Problem requirements
Begin your transcription at the line containing "Young beautiful slovak" and continue it, word for word, to the final line below. Include only those lines and skip the pictures.

Source data
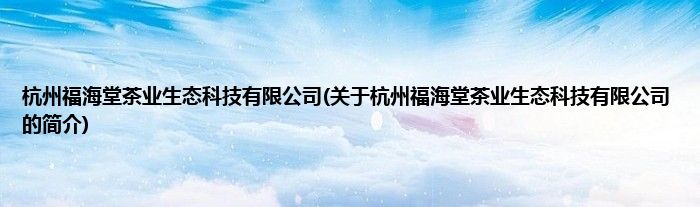 本文关于杭州福海堂茶业生态科技有限公司的简介就讲解完毕,希望对大家有所帮助。
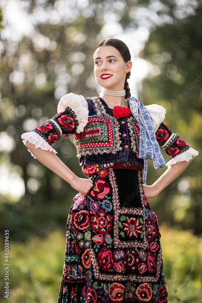 Young beautiful slovak woman in traditional dress. Slovak folklore
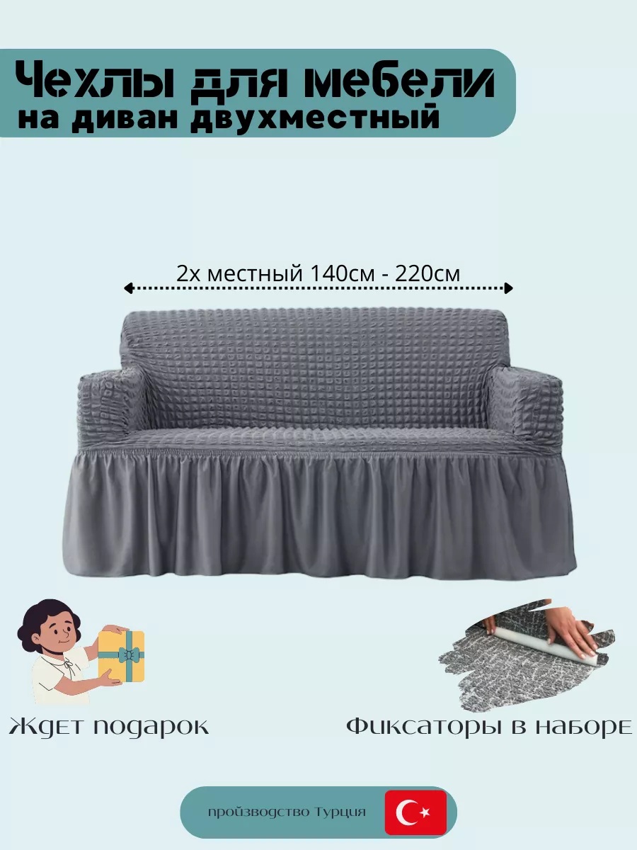 Чехол на 2-местный диван, с оборкой, стрейч, темно-серый

Result of the task
 Young beautiful slovak woman in traditional dress. Slovak folklore
 Чехол на 2-местный диван, с оборкой, стрейч, темно-серый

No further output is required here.